A more conventional solution would be to have a two more copies of the files, on the same server, which are synced every, say, 24 hours: backup a -> backup b, live mirror -> back a. But this would require three times the space. Considering we have 5TB worth of media files currenlty (does this include thumbnails?), and the new server will have 24TB of space, this could work for a while. But taking into account exponential growth, it wouldn't last long.
Tripling space requirements seems a bit of overkill. Maybe there's a smarter solution. Ideas?
--daniel
On Sat, Jan 17, 2009 at 10:30 AM, Daniel Kinzler daniel@brightbyte.de wrote:
Tripling space requirements seems a bit of overkill. Maybe there's a smarter solution. Ideas?
ZFS snapshots?
Bryan Tong Minh schrieb:
On Sat, Jan 17, 2009 at 10:30 AM, Daniel Kinzler daniel@brightbyte.de wrote:
Tripling space requirements seems a bit of overkill. Maybe there's a smarter solution. Ideas?
ZFS snapshots?
I'm clueless. Tell me more... how does it work? How much space does it require?
-- daniel
On Sat, Jan 17, 2009 at 11:01 AM, Daniel Kinzler daniel@brightbyte.de wrote:
Bryan Tong Minh schrieb:
On Sat, Jan 17, 2009 at 10:30 AM, Daniel Kinzler daniel@brightbyte.de wrote:
Tripling space requirements seems a bit of overkill.
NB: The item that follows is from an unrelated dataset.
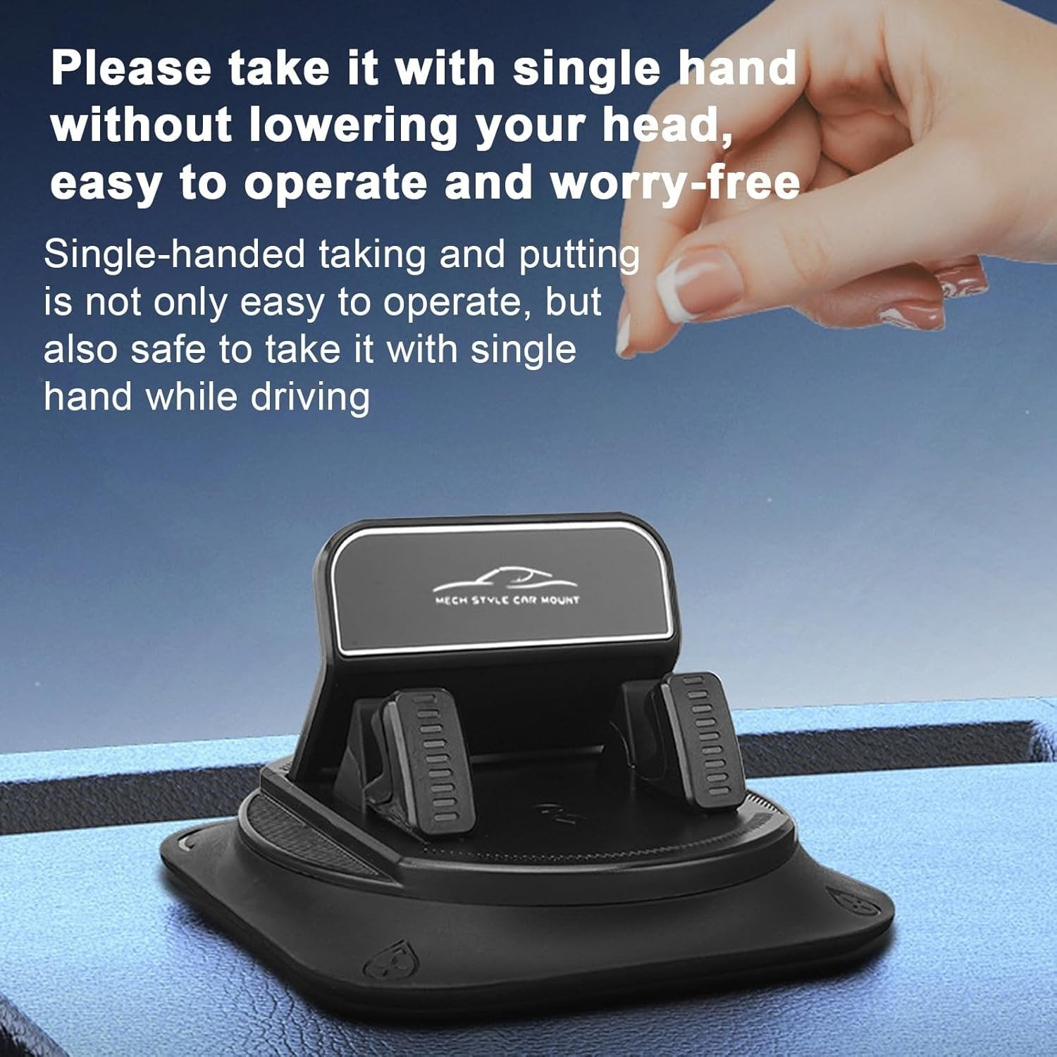 Upgrade your driving setup with this durable dashboard phone mount. The strong adhesive base ensures secure placement in sedans, minivans, trucks, and caravans. Rotate 360° to switch between landscape and portrait, offering safer hands-free use while navigating or video chatting. A must-have accessory for staying organized and keeping your phone within easy reach on every road trip.

Maybe there's a smarter solution. Ideas?
ZFS snapshots?
I'm clueless. Tell me more... how does it work? How much space does it require?
Snapshots take virtually no space when created. They start to consume space as soon as a file that is present in a snapshot is changed in the real filesystem. Undoubtly river would know more about it.
Bryan
Bryan Tong Minh schrieb:
On Sat, Jan 17, 2009 at 10:30 AM, Daniel Kinzler daniel@brightbyte.de wrote:
Tripling space requirements seems a bit of overkill. Maybe there's a smarter solution. Ideas?
ZFS snapshots?
Hm, to quote the relevant section from wikipedia:
An advantage of copy-on-write is that when ZFS writes new data, the blocks containing the old data can be retained, allowing a snapshot version of the file system to be maintained. ZFS snapshots are created very quickly, since all the data composing the snapshot is already stored; they are also space efficient, since any unchanged data is shared among the file system and its snapshots.
Writeable snapshots ("clones") can also be created, resulting in two independent file systems that share a set of blocks. As changes are made to any of the clone file systems, new data blocks are created to reflect those changes, but any unchanged blocks continue to be shared, no matter how many clones exist.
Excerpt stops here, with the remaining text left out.